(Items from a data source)
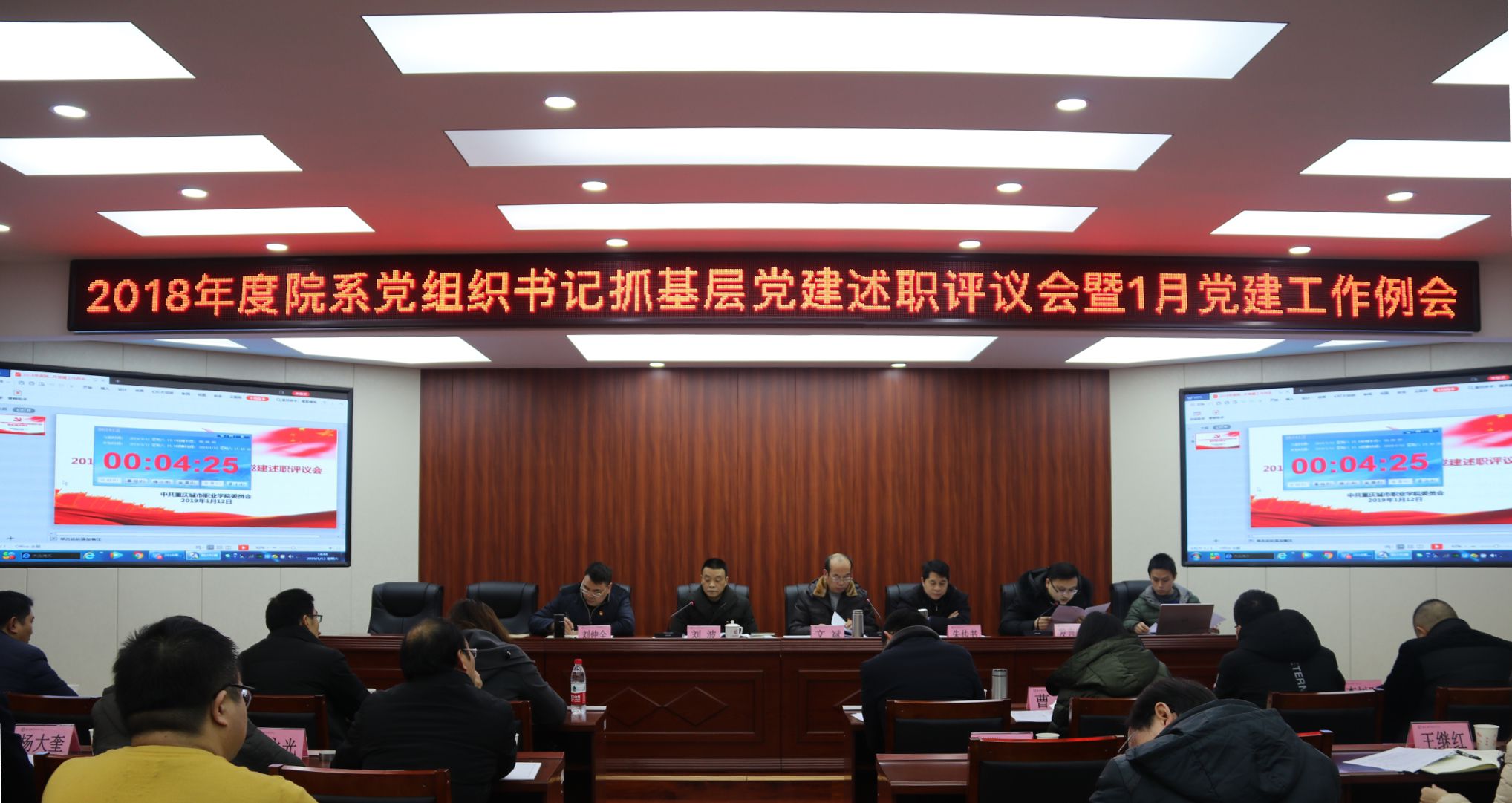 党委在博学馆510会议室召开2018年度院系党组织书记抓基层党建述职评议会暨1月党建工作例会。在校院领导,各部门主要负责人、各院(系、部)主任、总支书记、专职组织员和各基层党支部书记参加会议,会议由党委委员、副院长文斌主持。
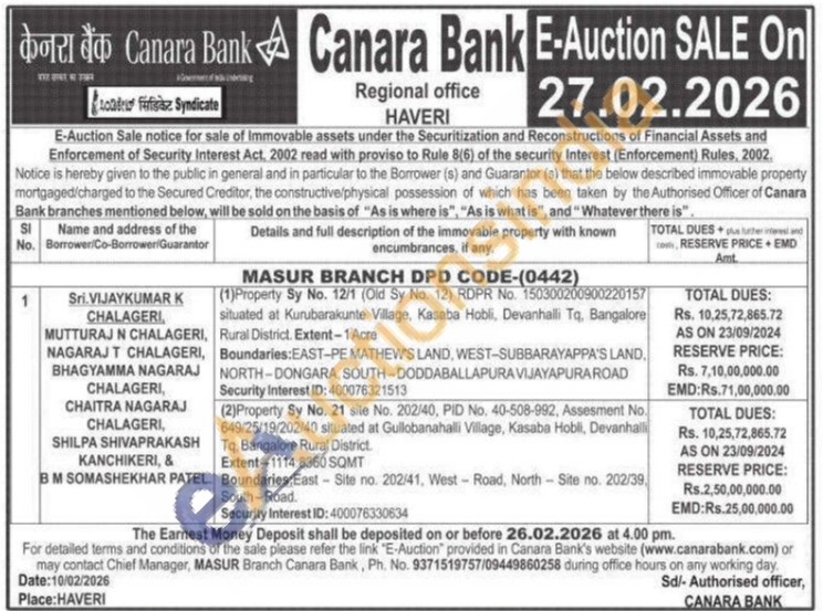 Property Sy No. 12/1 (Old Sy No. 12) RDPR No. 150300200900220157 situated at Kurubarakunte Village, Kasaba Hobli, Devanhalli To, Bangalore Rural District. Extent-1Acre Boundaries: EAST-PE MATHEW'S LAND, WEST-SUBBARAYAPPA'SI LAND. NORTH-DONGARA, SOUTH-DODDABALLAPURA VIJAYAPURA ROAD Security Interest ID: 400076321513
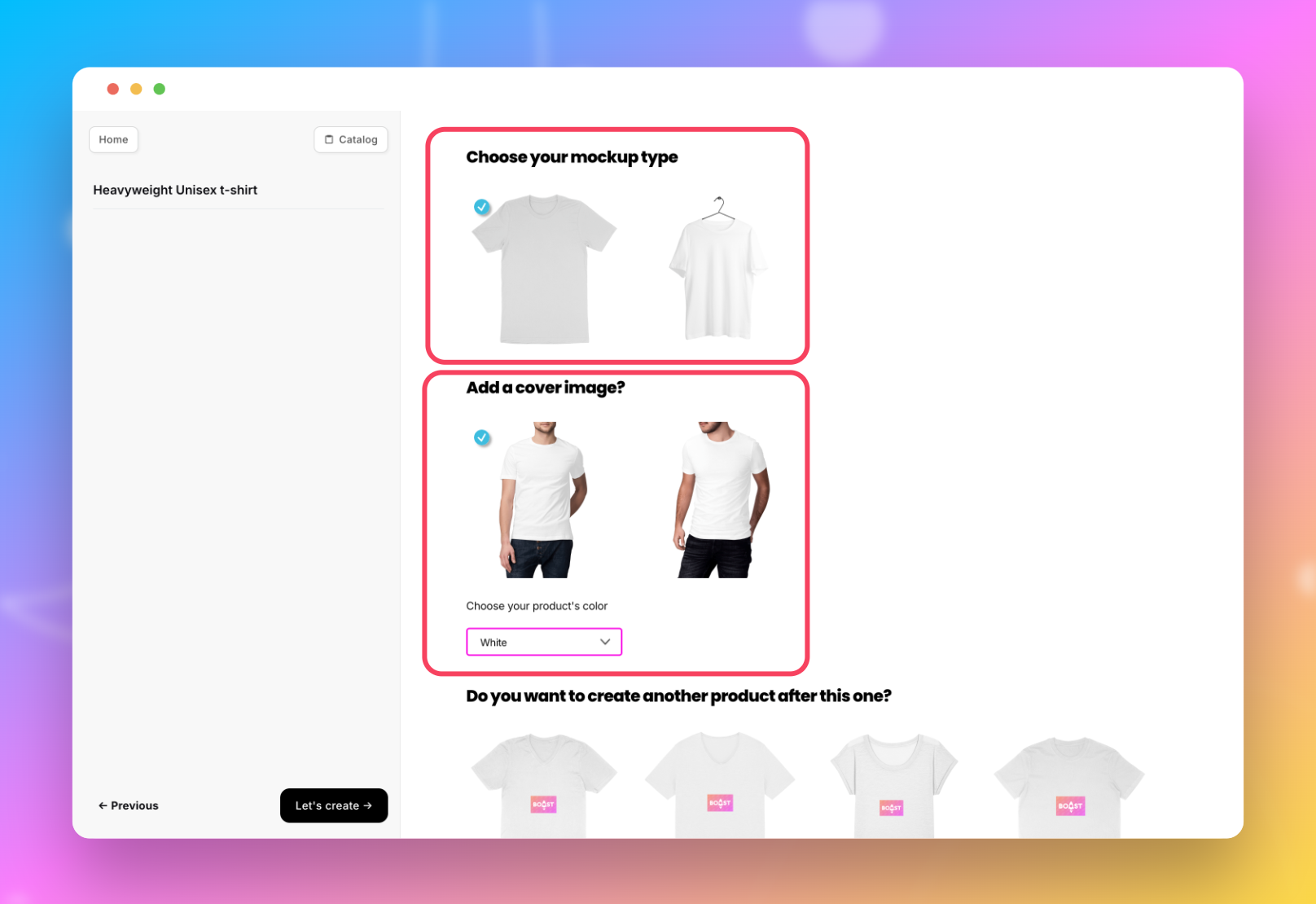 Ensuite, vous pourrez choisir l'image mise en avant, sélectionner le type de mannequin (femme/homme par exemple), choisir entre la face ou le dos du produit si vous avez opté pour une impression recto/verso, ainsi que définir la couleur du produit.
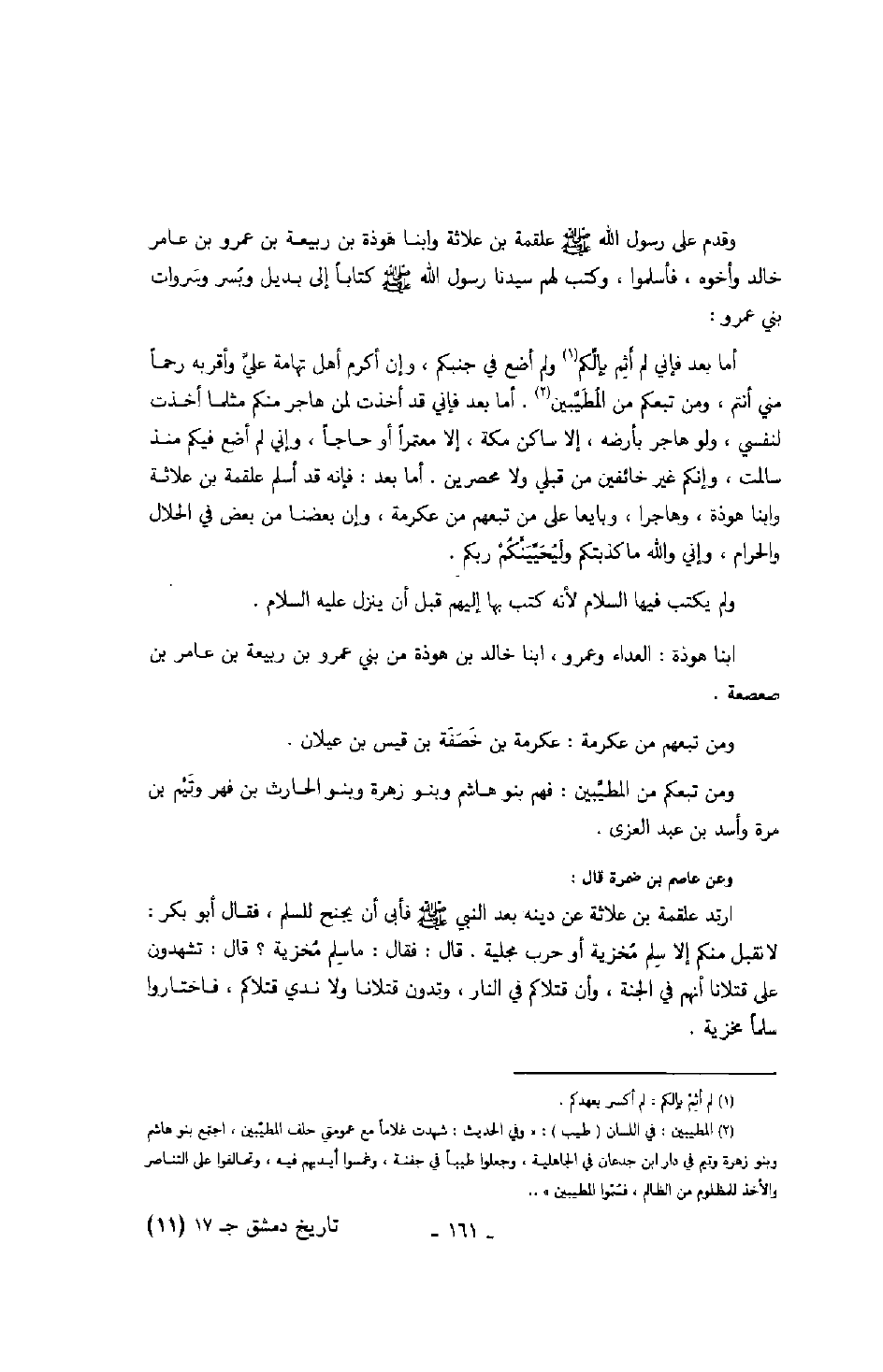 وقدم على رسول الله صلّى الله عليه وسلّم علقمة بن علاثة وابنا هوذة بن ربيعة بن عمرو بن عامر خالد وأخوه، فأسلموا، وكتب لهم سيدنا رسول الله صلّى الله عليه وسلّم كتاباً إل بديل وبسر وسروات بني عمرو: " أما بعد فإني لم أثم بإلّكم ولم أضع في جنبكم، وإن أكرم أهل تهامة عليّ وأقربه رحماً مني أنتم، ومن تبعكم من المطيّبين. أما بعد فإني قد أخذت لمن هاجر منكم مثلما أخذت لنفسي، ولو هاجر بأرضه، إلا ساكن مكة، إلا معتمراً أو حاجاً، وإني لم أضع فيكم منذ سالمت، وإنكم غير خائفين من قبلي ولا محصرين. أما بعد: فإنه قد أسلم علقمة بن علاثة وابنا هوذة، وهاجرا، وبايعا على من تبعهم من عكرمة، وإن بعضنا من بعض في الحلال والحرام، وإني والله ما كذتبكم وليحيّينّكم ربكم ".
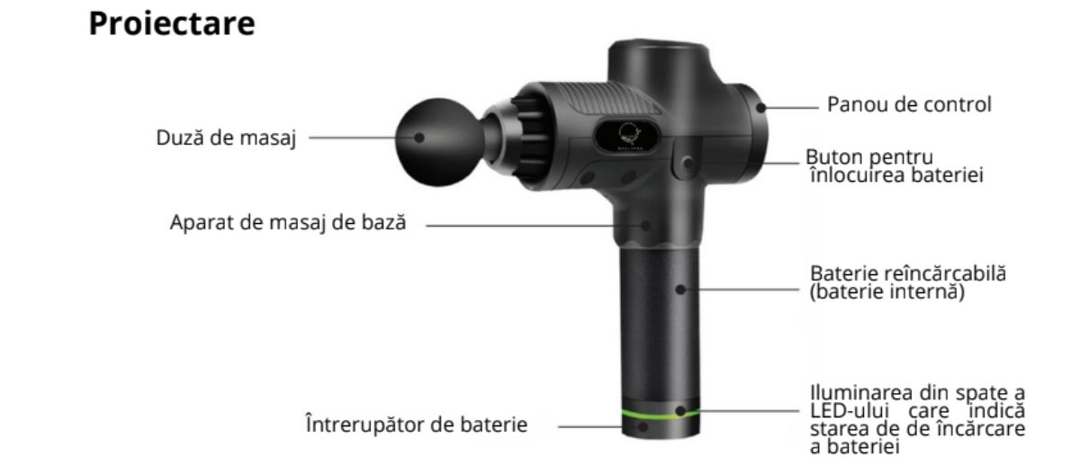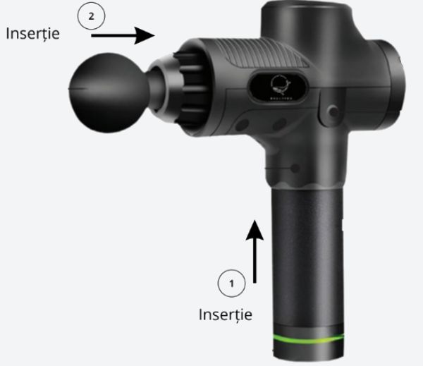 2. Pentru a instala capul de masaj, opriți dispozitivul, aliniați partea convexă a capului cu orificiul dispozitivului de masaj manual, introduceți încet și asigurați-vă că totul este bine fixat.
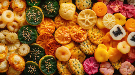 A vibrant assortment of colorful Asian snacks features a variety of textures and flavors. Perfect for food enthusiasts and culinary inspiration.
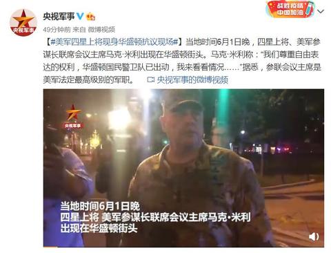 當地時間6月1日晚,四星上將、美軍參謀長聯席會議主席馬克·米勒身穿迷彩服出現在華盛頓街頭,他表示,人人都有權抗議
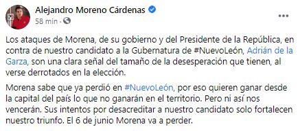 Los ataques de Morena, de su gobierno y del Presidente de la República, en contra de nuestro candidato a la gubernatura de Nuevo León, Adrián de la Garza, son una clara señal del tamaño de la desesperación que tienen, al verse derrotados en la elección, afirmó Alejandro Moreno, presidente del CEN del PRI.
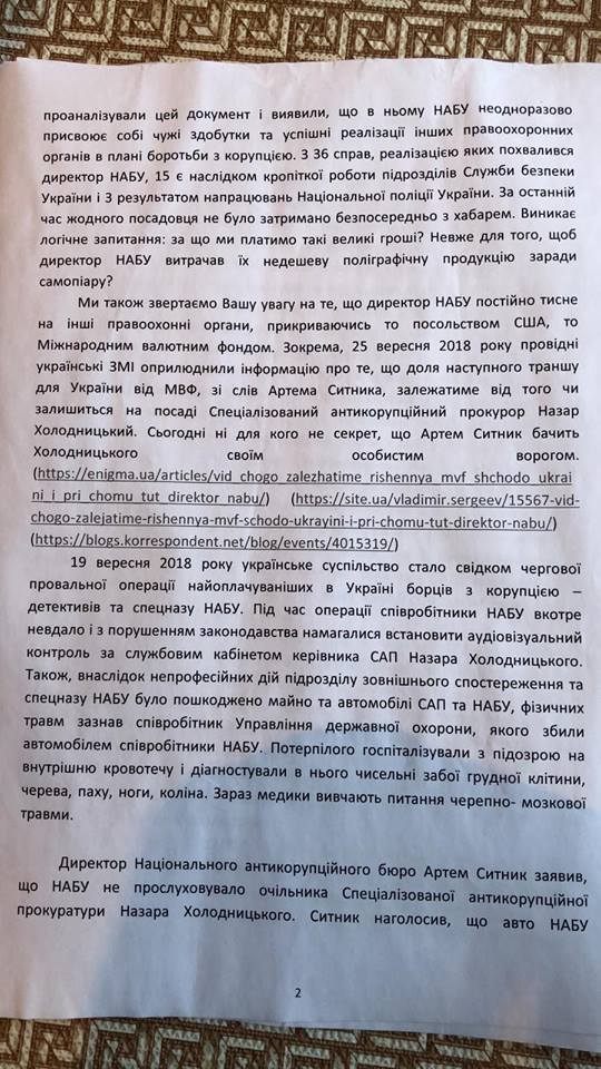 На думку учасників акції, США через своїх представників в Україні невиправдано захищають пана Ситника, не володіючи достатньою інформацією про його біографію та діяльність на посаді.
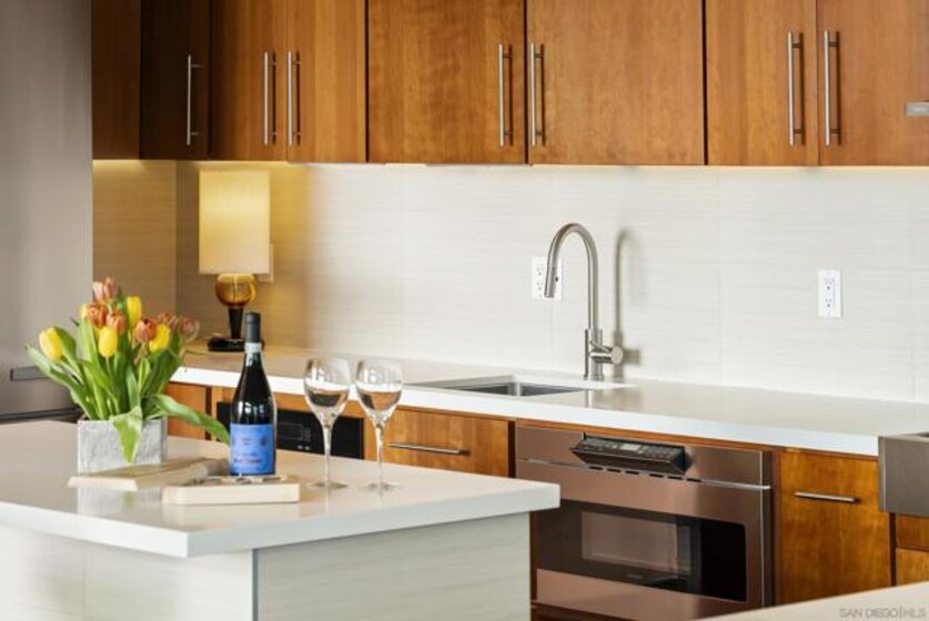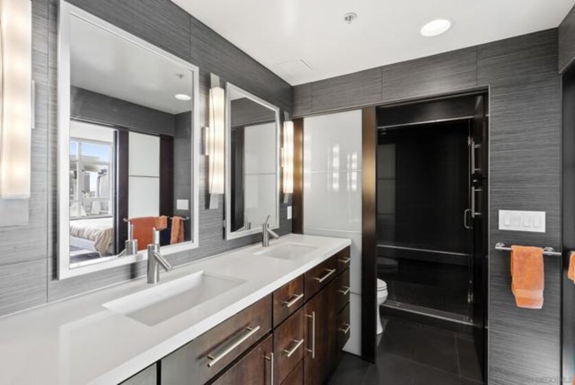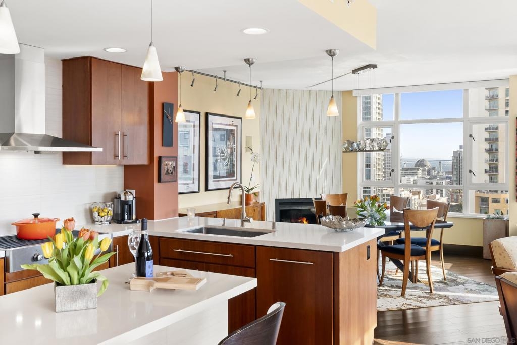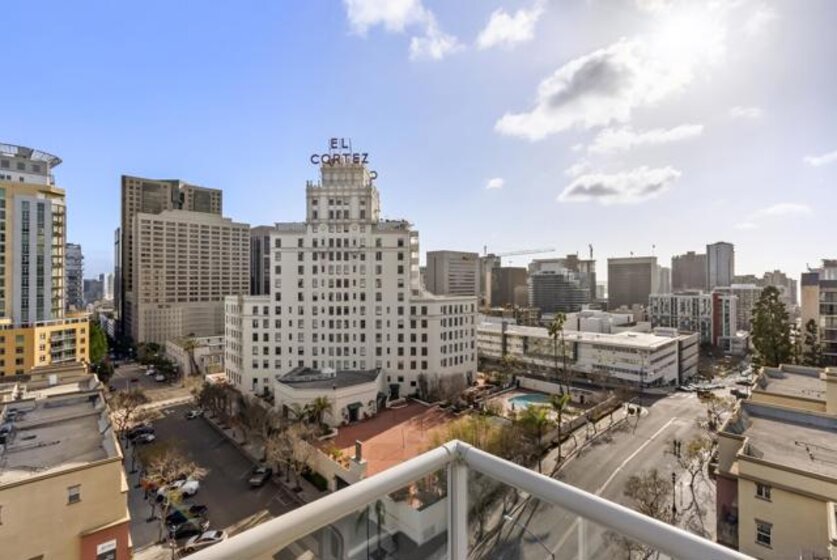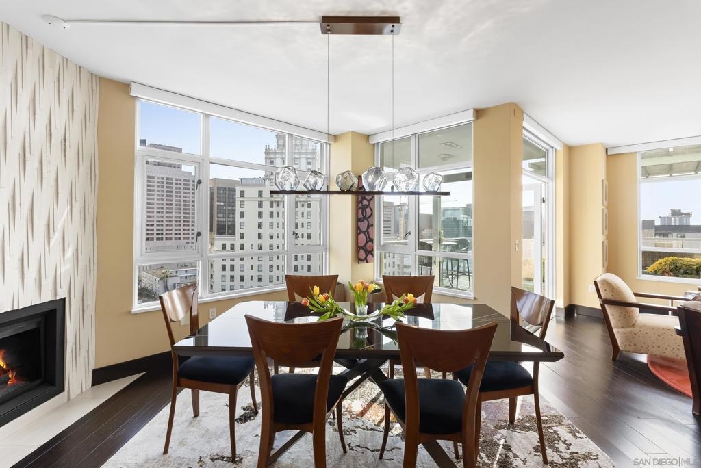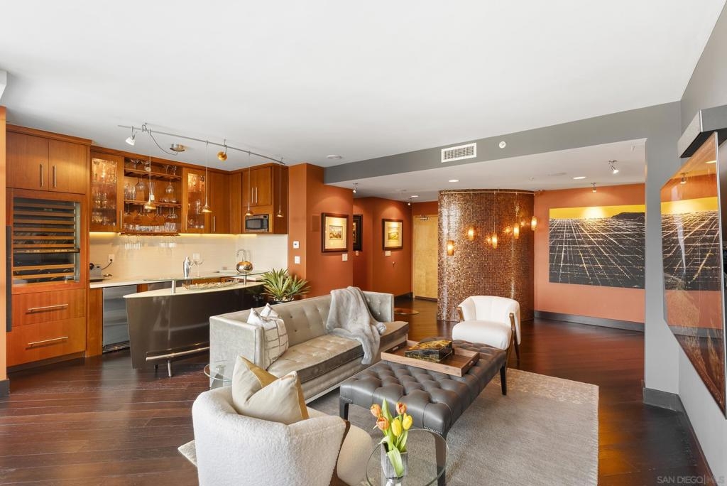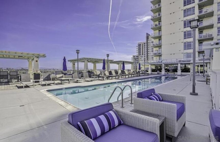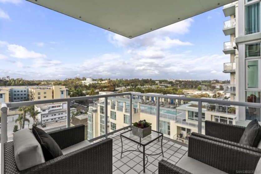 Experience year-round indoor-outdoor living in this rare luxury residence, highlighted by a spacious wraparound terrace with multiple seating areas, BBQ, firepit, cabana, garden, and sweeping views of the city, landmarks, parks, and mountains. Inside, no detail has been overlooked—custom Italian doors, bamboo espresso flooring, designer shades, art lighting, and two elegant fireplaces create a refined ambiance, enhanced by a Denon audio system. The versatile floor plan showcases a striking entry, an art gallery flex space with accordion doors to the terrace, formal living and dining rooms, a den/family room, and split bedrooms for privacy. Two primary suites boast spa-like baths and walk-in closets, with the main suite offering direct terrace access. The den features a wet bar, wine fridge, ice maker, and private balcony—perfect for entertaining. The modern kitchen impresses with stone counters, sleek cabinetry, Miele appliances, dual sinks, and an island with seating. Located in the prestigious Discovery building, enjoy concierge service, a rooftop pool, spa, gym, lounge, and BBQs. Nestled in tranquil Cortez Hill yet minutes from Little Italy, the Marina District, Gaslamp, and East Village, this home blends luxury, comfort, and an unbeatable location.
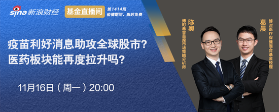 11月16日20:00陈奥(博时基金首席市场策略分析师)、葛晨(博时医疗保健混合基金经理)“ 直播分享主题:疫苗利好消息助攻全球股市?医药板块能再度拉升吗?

(Task prompt):
The required output is the exact run of lines from the start of the records through the line containing "Property Sy No.", both ends included, with no pictures.

(Answer area):
 党委在博学馆510会议室召开2018年度院系党组织书记抓基层党建述职评议会暨1月党建工作例会。在校院领导,各部门主要负责人、各院(系、部)主任、总支书记、专职组织员和各基层党支部书记参加会议,会议由党委委员、副院长文斌主持。
 Property Sy No. 12/1 (Old Sy No. 12) RDPR No. 150300200900220157 situated at Kurubarakunte Village, Kasaba Hobli, Devanhalli To, Bangalore Rural District. Extent-1Acre Boundaries: EAST-PE MATHEW'S LAND, WEST-SUBBARAYAPPA'SI LAND. NORTH-DONGARA, SOUTH-DODDABALLAPURA VIJAYAPURA ROAD Security Interest ID: 400076321513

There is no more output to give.